Re: [libav-devel] [PATCH] h264dsp: Change type of stride parameters to ptrdiff_t

2016-06-15 Thread Martin Storsjö

On Wed, 15 Jun 2016, Janne Grunau wrote:


On 2016-06-13 21:04:15 +0300, Martin Storsjö wrote:

On Mon, 13 Jun 2016, Diego Biurrun wrote:


This avoids SIMD-optimized functions having to sign-extend their
line size argument manually to be able to do pointer arithmetic.
---

Added missing changes for h264idct.

libavcodec/aarch64/h264dsp_init_aarch64.c | 37 +++
libavcodec/arm/h264dsp_init_arm.c | 37 +++
libavcodec/h264_mb.c  |  6 ++--
libavcodec/h264_mb_template.c |  2 +-
libavcodec/h264addpx_template.c   |  4 +--
libavcodec/h264dsp.h  | 49 ---
libavcodec/h264dsp_template.c | 36 +++
libavcodec/h264idct.h | 19 ++--
libavcodec/h264idct_template.c| 30 ---
libavcodec/ppc/h264dsp.c  | 31 +--
libavcodec/x86/h264_deblock.asm   | 20 ++---
libavcodec/x86/h264_deblock_10bit.asm | 14 -
libavcodec/x86/h264_idct.asm  | 48 +++---
libavcodec/x86/h264_idct_10bit.asm| 18 ++--
libavcodec/x86/h264_weight.asm|  4 +--
libavcodec/x86/h264_weight_10bit.asm  |  4 +--
libavcodec/x86/h264dsp_init.c | 22 +++---
tests/checkasm/h264dsp.c  |  4 +--
18 files changed, 199 insertions(+), 186 deletions(-)

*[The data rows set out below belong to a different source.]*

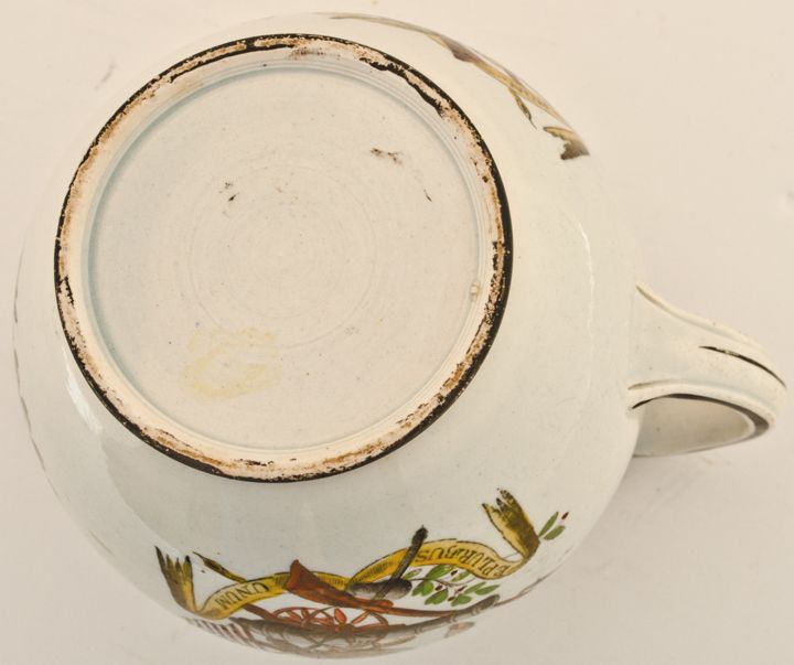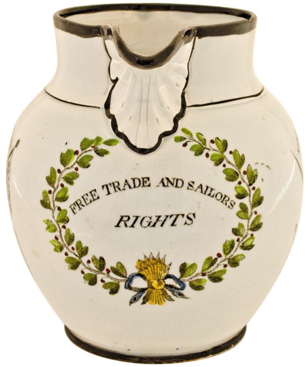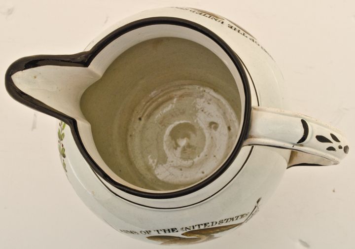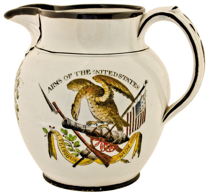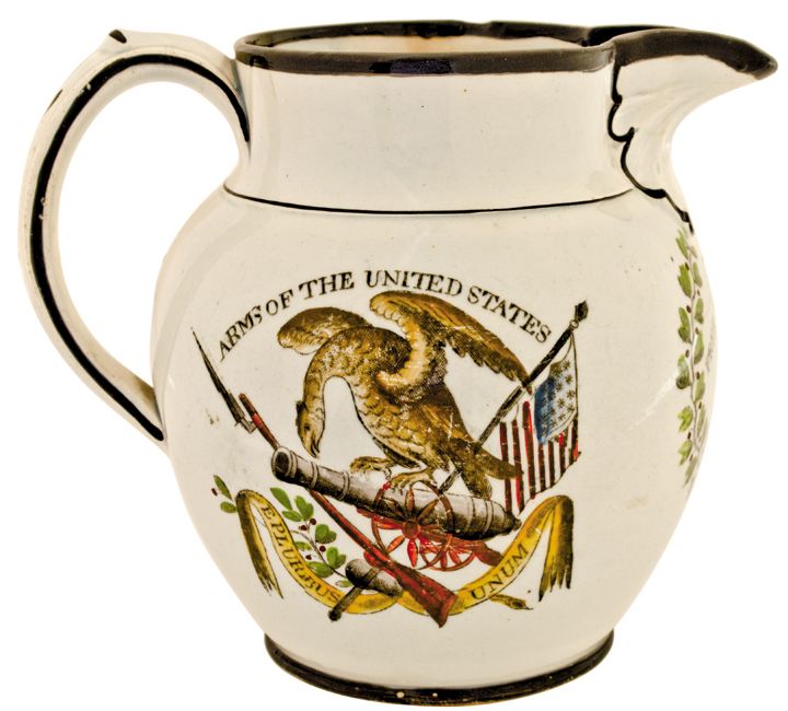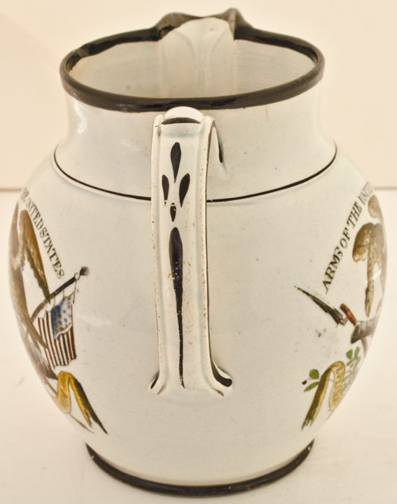 This is an extremely rare and historic 5” tall Pearlware Pitcher with black trim elements, that is outstanding in both its important design features and beautiful, highly colorful appearance. Each side has "ARMS OF THE UNITED STATES," listed as Arman “A.25” on page 67 of David Arman’s major reference book, “Anglo-American Ceramics Part I.” Arman also states that this beautiful and highly ornate, exciting design is probably by Enoch Wood and Sons, England. Under the spout within a surrounding wreath with a splay of Arrows at bottom is the legend reading, “FREE TRADE AND SAILORS RIGHTS” which is listed as “F.18” on page 98 of Arman’s reference.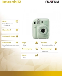 L’INSTAX Mini 12 apporte la joie de la photo analogique dans un design ludique et moderne. Une utilisation simplifiée : tournez, cadrez et déclenchez – et en un clin d’œil vous tenez votre photo instantanée au format carte de crédit dans la main. Grâce au flash automatique et à l’exposition intelligente, obtenez de beaux clichés à la maison comme en extérieur.
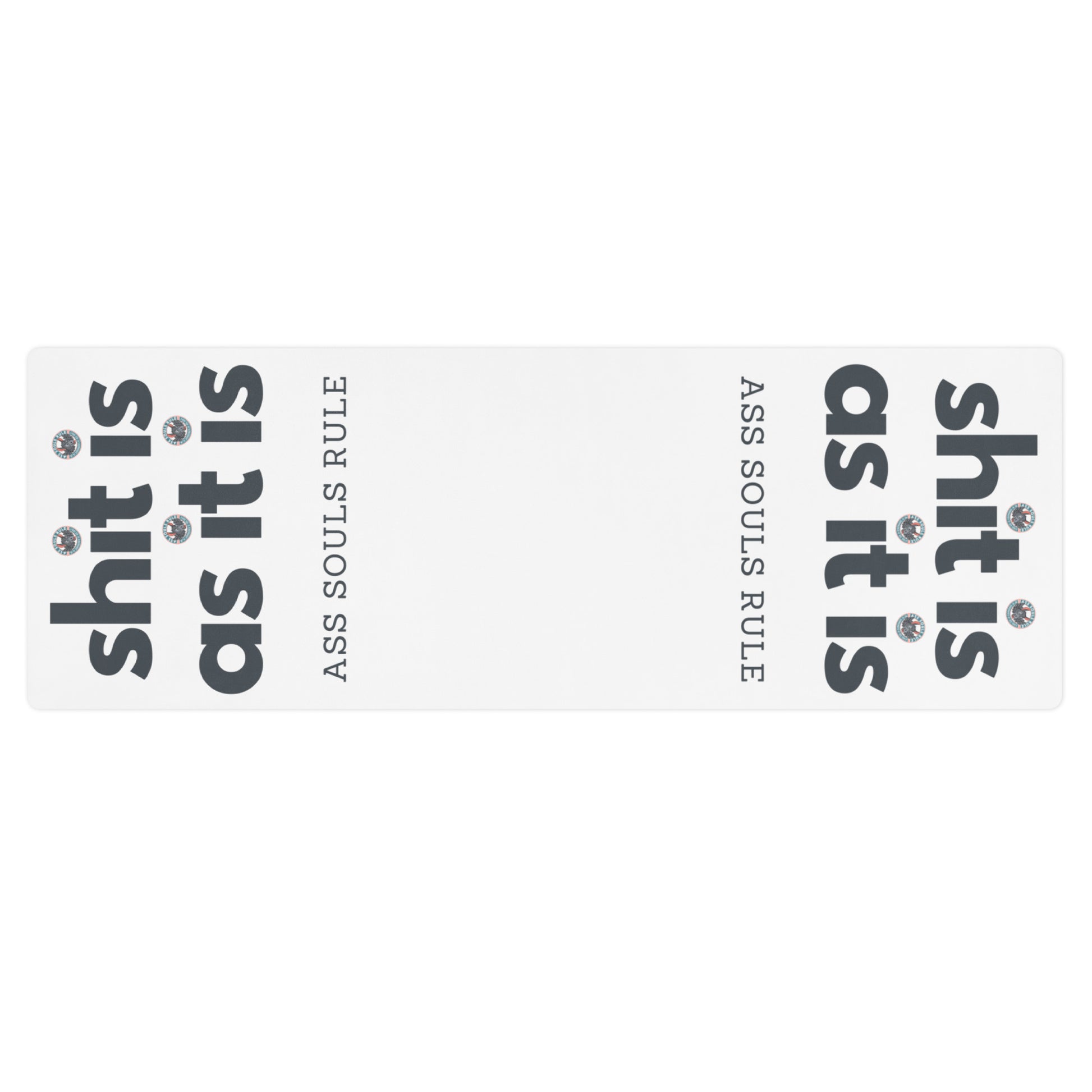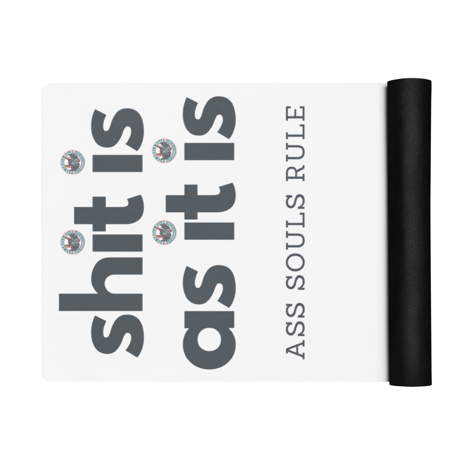 Whether you’re exercising your shit out, stretching to get a better look at shit, or meditating becoming one with your shit, it’s worth having a Shit Is As It Is yoga mat that brings a smile to your face and matches your style. It’s easy to carry and provides both stability and comfort with anti-slip rubber on the bottom and soft microsuede on top.

This doesn't do the actual cleanup of the asm that I had expected.

For x86_64, you should remove the corresponding movsxd/movsxdifnidn, for
aarch64, you need to change use of wN (e.g. w3) into xN (e.g. x4) for those
parameters. If not, we're basically clipping the variable and just reading
the lower 32 bit, which is just about as wrong as what we did before
(although in practice it will probably be fine).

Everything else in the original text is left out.